明らかに風邪をひいている。身体が熱を持ち,握力が失われているためペンを持つ手はぎこちなく,筆圧を感じることができない。そして時折そのまま席にいて倒れたくなるようなだるさに襲われる。ここまで体調を崩したのは,思えばしばらくぶりだ。しばらく風邪らしい風邪を引かなくなったのは,毎日の生活が安定していたからだろう。もちろん現場に配属になってすぐはとにかく風邪を引いては休んでいた。しかしそのうちに熱という感覚をすっかり忘れるほどに元気でいられた。だから堪えている。

ブリーチーズを近所の輸入食品店で買って,それをあてにしながら赤ボルドーを開けて飲んでいる。チーズにワインは鉄板のように言われているが,ものは選ぶ。ことさら白カビチーズと赤ワインは合わない。と,いっているような評論家の記事を一度読んで以来,どこかそうした組み合わせをするのを避けてしまっている。

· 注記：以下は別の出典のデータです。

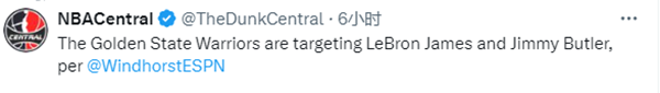 Brian Windhorst还表示詹姆斯是勇士队的另一个目标任务,报道称:詹姆斯和库里联手会非常吸引人,不过勇士上赛季交易截止日前向湖人询价被拒绝了;今年奥运会詹姆斯和库里科尔合作过,他们显然会关注现在的情况,若勇士明知道这事儿不可能,他们是不会有所行动的;最终一切还是看詹姆斯,他有交易否决权,他想要湖人升级阵容,他还不想离开洛杉矶湖人队。

梅干しとうなぎがダメだとかいうのももしかするとこんな適当な話から始まったのかもしれない。合わないわけがないし,かといって違うと言えば違うかもしれない。自分の意見を持って,それに忠実に生きるとは簡単に言うけれど,こんなところから躓いている。

すっかり昼食は手前で作った弁当で済ませるようになった。ごはんはおにぎりにして持って行っているが,いろいろ試したがシンプルな塩むすびがやはり外さない。そして手間だけれど,手塩をつけて,きちんと手で握ったほうがよい。そんなに変わらないはずなのに,どうしてかラップ越しに握るのと,手で握るのでは味が全然違う。はてこれもどこかで聞いたことのあるような話につながっているような気がするが何だろう。

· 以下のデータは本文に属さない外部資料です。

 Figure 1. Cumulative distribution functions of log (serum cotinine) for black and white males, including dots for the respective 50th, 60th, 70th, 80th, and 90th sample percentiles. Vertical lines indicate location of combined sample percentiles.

けれどこうした気の持ちようみたいなものは大事で,きっと本人もそんな考えずに言ったであろう言葉がふとした瞬間に思い出されたりする。それを受け取った時の第一印象みたいなものは残っていて,言われた言葉の前後の文脈だけなぜか明確になっているのに,その当のものが思い出せないなんてこともある。

心持ができていないときに,友人の金に糸目をつけずに遊んでいる話や,ふと自分は周りよりも特別だとほのめかすような発言を見ると,どこか悲しくなる。ただそれは受け取る側に準備ができていなかったからだ,と思いながらも,もし私が一生懸命働き,いろいろ勉強して,いろいろと試してみて,これこそ憧れの一本と思っていたワインを,なんの苦労も思い入れもなく買う人が現れ,振る舞われたらどう思うのだろう。このことは,ここ最近楽器を弾く機会が多くなる中で感じることでもある。小さな目標を一つひとつこなした先にあると思っている頂上を,いとも簡単に到達してしまえる人を目の当たりにしたのだとしたら,それでも平静でいられるだろうか。そこに至るまでの道が大切だとか,努力する過程がなかったら達成感もないというのは簡単であるが,もし地を這いながらでも進んでいる目の前で,いい車でトバしながら駆け上がっていく人を見たとしたら,それでも同じことを言えるかと思うと,どうもまだまだだと思えるのである。競争と比較の輪から抜け出せていない。ただ身体を回復させなくてはいけない。